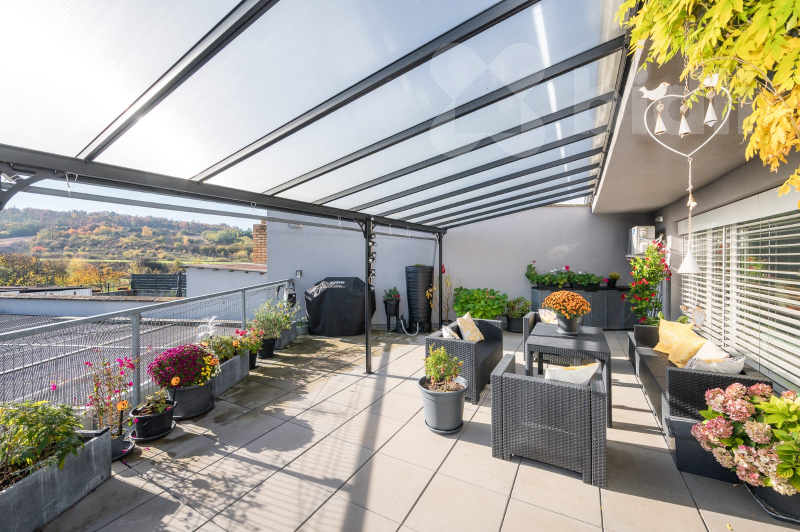 Dominantou tohoto podlaží je však prostorná terasa o velikosti 49 m², která plynule navazuje na interiér a otevírá dechberoucí výhled do zahrady a okolního lesa. Ideální místo pro ranní kávu i večerní společenské události.
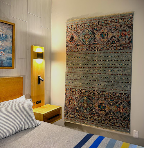 Read moreBeautiful piece of artwork for my floor! The first photo Is with two 32” square card tables. And the chairs are folding as well. As you can see the rug is large enough to hold a table of that length. Up to 108 inches. And the table accommodates a 54” table. The second photo is of the design of the rug without any furniture on it This is a hand knotted wool rug, and the colors are perfect. And the quality is outstanding. Nice short pile, which is what I needed in a modern apartment. Zara Gallery is amazing! I feel so blessed to have had the opportunity to buy my Forever Rug...
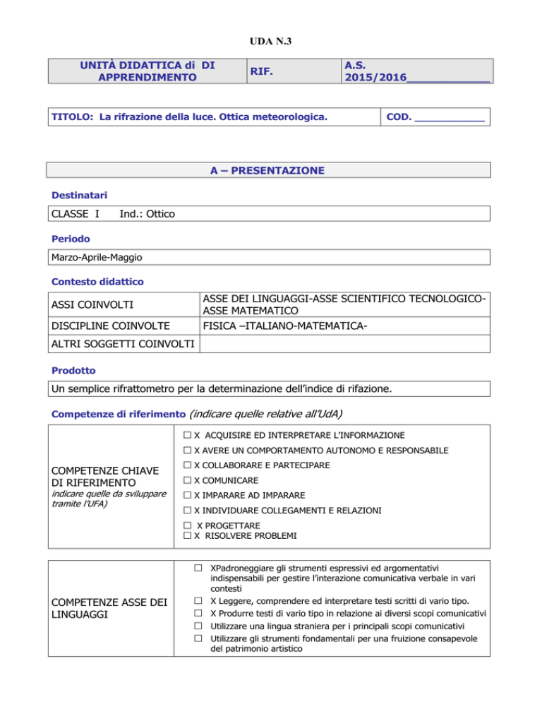 UDA N.3 UNITÀ DIDATTICA di DI APPRENDIMENTO RIF. A.S. 2015/2016____________ TITOLO: La rifrazione della luce. Ottica meteorologica. COD. ___________ A – PRESENTAZIONE Destinatari CLASSE I Ind.: Ottico Periodo Marzo-Aprile-Maggio Contesto didattico ASSI COINVOLTI ASSE DEI LINGUAGGI-ASSE SCIENTIFICO TECNOLOGICOASSE MATEMATICO DISCIPLINE COINVOLTE FISICA –ITALIANO-MATEMATICA- ALTRI SOGGETTI COINVOLTI Prodotto Un semplice rifrattometro per la determinazione dell’indice di rifazione. Competenze di riferimento (indicare quelle relative all’UdA) X ACQUISIRE ED INTERPRETARE L’INFORMAZIONE X AVERE UN COMPORTAMENTO AUTONOMO E RESPONSABILE COMPETENZE CHIAVE DI RIFERIMENTO indicare quelle da sviluppare tramite l’UFA) X COLLABORARE E PARTECIPARE X COMUNICARE X IMPARARE AD IMPARARE X INDIVIDUARE COLLEGAMENTI E RELAZIONI X PROGETTARE X RISOLVERE PROBLEMI XPadroneggiare gli strumenti espressivi ed argomentativi indispensabili per gestire l’interazione comunicativa verbale in vari contesti COMPETENZE ASSE DEI LINGUAGGI X Leggere, comprendere ed interpretare testi scritti di vario tipo. X Produrre testi di vario tipo in relazione ai diversi scopi comunicativi Utilizzare una lingua straniera per i principali scopi comunicativi Utilizzare gli strumenti fondamentali per una fruizione consapevole del patrimonio artistico Utilizzare e produrre testi multimediali X Utilizzare le tecniche e le procedure del calcolo aritmetico ed algebrico, rappresentandole anche sotto forma grafica XConfrontare ed analizzare figure geometriche, individuando COMPETENZE ASSE MATEMATICO invarianti e relazioni X Individuare le strategie appropriate per la soluzione di problemi X Analizzare dati e interpretarli sviluppando deduzioni e ragionamenti sugli stessi, anche con l’ausilio di interpretazioni grafiche, usando consapevolmente gli strumenti di calcolo e le potenzialità offerte da applicazioni di tipo informatico. X Osservare, descrivere ed analizzare fenomeni, appartenenti alla COMPETENZE ASSE SCIENTIFICOTECNOLOGICO realtà naturale e artificiale e riconoscere nelle sue varie forme i concetti di sistema e di complessità X Analizzare qualitativamente e quantitativamente fenomeni legati alle trasformazioni di energia a partire dall’esperienza X Essere consapevole delle potenzialità delle tecnologie rispetto al contesto culturale e sociale in cui vengono applicate Comprendere il cambiamento e la diversita’ dei tempi storici in una COMPETENZE ASSE STORICO-SOCIALE dimensione diacronica attraverso il confronto fra epoche e in una dimensione sincronica attraverso il confronto fra aree geografiche e culturali Collocare l’esperienza personale in un sistema di regole fondato sul reciproco riconoscimento dei diritti della Costituzione, della persona, della collettività, dell’ambiente Riconoscere le caratteristiche essenziali del sistema socio economico per orientarsi nel tessuto produttivo del proprio territorio Motivazione della proposta e suo valore formativo LA PROPOSTA RISULTA ADEGUATA AI RISULTATI DI APPRENDIMENTO CHE L0 STUDENTE DEVE RAGGIUNGERE. Tempi (Calendarizzazione di massima) Marzo-Aprile-Maggio Risorse Semplici lenti sottili. Le lenti degli occhiali. B – INQUADRAMENTO APPRENDIMENTI Finalità educative: (collegate alle competenze chiave): ACQUISIRE ATTEGGIAMENTI DI CURIOSITA’ FINALIZZATI ALLA CONOSCENZA DELLA DISCIPLINA Competenza mirata: (competenza chiave o di asse) RICONOSCERE IL FENOMENO DELLA RIFRAZIONE. Standard di riferimento: Al termine del percorso l’allievo dovrà: CONOSCERE I CONTENUTI PROPOSTI. Competenza: riconoscere il fenomeno della rifrazione e le leggi che lo regolano. Conoscenze La rifrazione e le sue leggi. La riflessione interna totale e l’angolo limite. Prisma ottico. I più comuni fenomeni di ottica meteorologica. Abilità/capacità Indicatori (I) e Descrittori I)Conosce le leggi della rifrazione. Applicare le leggi della rifrazione per D)sa applicare le leggi per determinare la determinare la direzione dei raggi rifratti. direzione dei raggi rifratti. Individua le condizioni affinchè il I)Riconosce il fenomeno. fenomeno si verifichi e lo descrive. D)Sa descriverlo e giustificarlo. I) Riconosce i più comuni fenomeni di Riconoscere e interpretare i più comuni ottica meteorologica. fenomeni di Ottica meteorologica. D) Sa descriverli e giustificarli. Competenza dei Saperi Essenziali: : riconoscere il fenomeno della rifrazione e le leggi che lo regolano. Conoscenze La rifrazione e le sue leggi. Il prisma ottico. Prismi a riflessione totale. Applicazioni. Ottica meteorologica. Abilità/capacità Indicatori (I) e Descrittori I)Conosce le leggi della rifrazione. Applicare le leggi della rifrazione per D)sa applicare le leggi per determinare la determinare la direzione dei raggi rifratti. direzione dei raggi rifratti. I)Riconosce i vari tipi di prismi. Riesce a tracciare e a seguire la D)Sa tracciare il percorso del raggio deviazione del raggio luminoso. luminoso. I) Conosce i più comuni fenomeni di Riesce ad inquadrare e distinguere i più ottica meteorologica. comuni fenomeni di ottica meteorologica. D) Sa giustificare il fenomeno. Competenza Potenziamento: semplici strumenti ottici: il microscopio, il cannocchiale e la macchina fotografica. Conoscenze Abilità/capacità Principio di funzionamento e utilizzo di Saper descrivere il principio di semplici strumenti ottici. funzionamento. Indicatori (I) e Descrittori I) Individua la funzione dello strumento ottico. D) sa descriverne il funzionamento. C – ARTICOLAZIONE DELL’UNITÀ Attribuzioni ASSE linguistico ASSE Scientifico tecno logico. ASSE matematico ASSE SOGGETTO Materia Materia Materia Materia Materia Materia Materia Materia 1 2 1 2 3 4 5 1 Materia Materia Materia Materia xxx yyy zzz kkk 1 2 3 4 Italiano Fisica Matematica Prerequisiti Conoscere il significato di Energia. Fasi di realizzazione Fase 1: Fase 2: Fase 3: Marzo Aprile Maggio Metodologie Lezione frontale ,semplici esperienze laboratoriali da riprodurre i

● What you have to do
Take the lines from the start of the material to the line with "Read moreBeautiful piece", both included, and transcribe them exactly without the pictures.

● Answer to the problem
 Dominantou tohoto podlaží je však prostorná terasa o velikosti 49 m², která plynule navazuje na interiér a otevírá dechberoucí výhled do zahrady a okolního lesa. Ideální místo pro ranní kávu i večerní společenské události.
 Read moreBeautiful piece of artwork for my floor! The first photo Is with two 32” square card tables. And the chairs are folding as well. As you can see the rug is large enough to hold a table of that length. Up to 108 inches. And the table accommodates a 54” table. The second photo is of the design of the rug without any furniture on it This is a hand knotted wool rug, and the colors are perfect. And the quality is outstanding. Nice short pile, which is what I needed in a modern apartment. Zara Gallery is amazing! I feel so blessed to have had the opportunity to buy my Forever Rug...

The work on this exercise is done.